Но это ещё не ад, это только его преддверие. Настоящий ад начинается за колючей проволокой.

Из заявления вернувшего из плена красноармейца Мицкевича А. П. 5 марта 1920 года:

«По прибытии в лагерь нас поместили в холодный барак вместе с другими военнопленными. В бараке нас окружила толпа голых, оборванных и совершенно изголодавшихся людей, похожих на скелеты, с просьбой — нет ли у кого из нас, прибывших, хлеба. Немного позже выяснилось, что пища в лагерях выдаётся такая, что ни один самый здоровый человек не сумеет просуществовать более или менее продолжительное время. Состоит она из небольшой порции чёрного хлеба, весом около 1/2 фунта, одного черепка в день супа. Похожего скорее на помои, чем на суп, и кипятку. В большинстве случаев эти помои, имеющие название супа, выдаются несолёные. На почве голода и холода заболевания доходят до невероятных размеров. Медицинской помощи никакой… Десятки людей помирают ежедневно…».

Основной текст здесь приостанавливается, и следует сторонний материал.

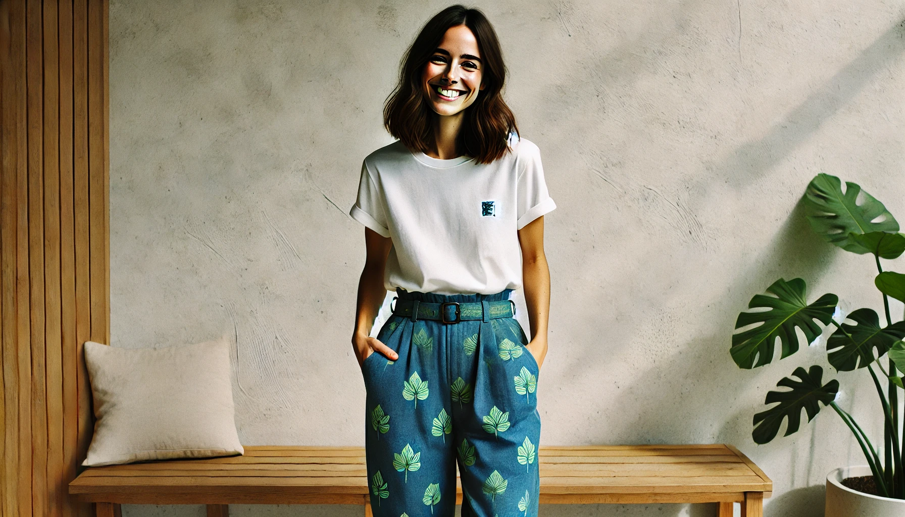 - Motif élégant avec des feuillages pour un look chic et décontracté.

Из заявления бежавшего из плена Фридкина М., взятого в плен 5 марта 1919-го года (ещё задолго до неудачливого наступления Тухачевского на Варшаву):

«Как только нас привели туда, комендант обратился к нам с такой речью: „Вы, большевики, хотели отобрать наши земли у нас, — хорошо, я вам дам землю. Убивать вас я не имею права, но я буду так кормить, что вы сами подохнете“. И действительно, несмотря на то, что мы до этого двое суток хлеба не получали, мы и в тот же день такого не получили, мы питались только картофельной шелухой, продавали последние рубахи за кусок хлеба, легионеры нас за это преследовали и, видя, как собирают или варят ту шелуху, разгоняли нагайками, а те, которые из-за слабости не убегали вовремя, бывали избиваемы до полусмерти.

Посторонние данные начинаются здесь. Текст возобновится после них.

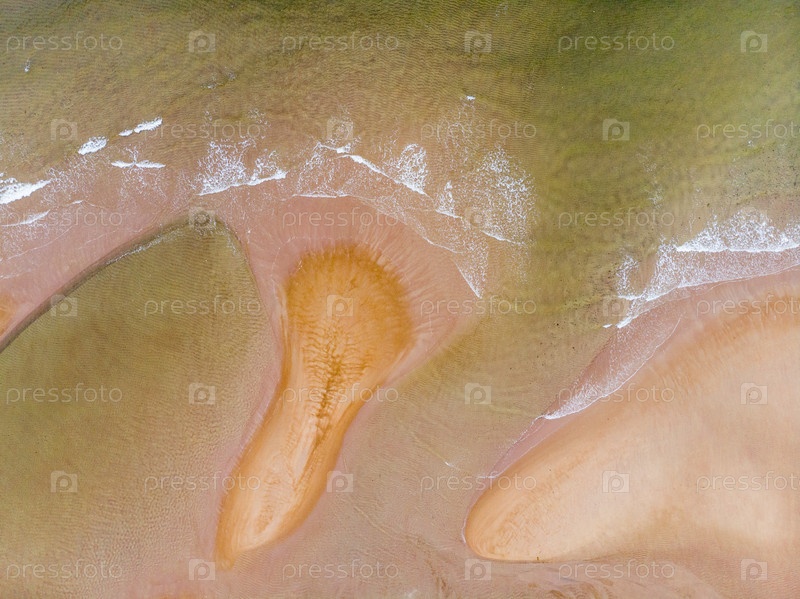 Линия прибоя на песчаном пляже Баренцева моря. Териберка

13 дней мы хлеба не получали, на 14-й день, это было в конце августа, мы получили около 4 фунтов хлеба, но очень гнилого, заплесненного; все на него, конечно, с жадностью набросились, и заболевания, бывшие и до этого времени, но не в большом количестве, усилились (с 7000 пленных невозможно было найти санитаров), больных не лечили, и они умирали десятками. В сентябре 1919 г. умирало до 180 человек в день, никакой медицинской помощи нам не оказывали… В последнее время (около ноября) приезжала комиссия, но это тоже оказало мало помощи…».

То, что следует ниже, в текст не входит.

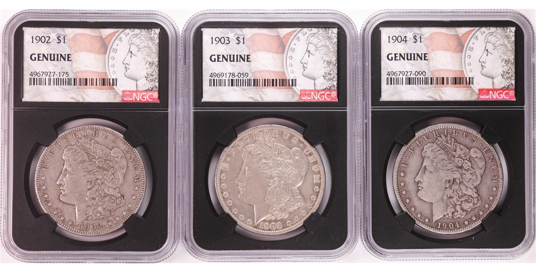 One Lot of 1902-1904 $1 Morgan Silver Dollar Coins NGC Genuine. NGC Certified.

Злодеяния «братьев-славян» зафиксированы вполне официально. Из доклада Е. Аболтина — председателя Российско-Украинской делегации Смешанной советско-польской комиссии по делам военнопленных, беженцев и заложников подготовленного в феврале 1923-го года:

«Может быть, ввиду исторической ненависти поляков к русским или по другим экономическим и политическим причинам военнопленные в Польше не рассматривались как безоружные солдаты противника, а как бесправные рабы… Пища выдавалась негодная для потребления и ниже всякого прожиточного минимума. При попадании в плен с военнопленного снимали все годное к носке обмундирование, и военнопленные оставались очень часто в одном нижнем белье, в каком и жили за лагерной проволокой… поляки обращались с ними не как с людьми равной расы, а как с рабами. Избиения военнопленных практиковались на каждом шагу[5]».

Сколько людей всего погибло в польских лагеря смерти, точно неизвестно. По некоторым данным, из взятых в плен с 13 февраля 1919-го года по 18 октября 1920-го, порядком 207 тысяч человек — домой вернулись около 76 тысяч военнопленных.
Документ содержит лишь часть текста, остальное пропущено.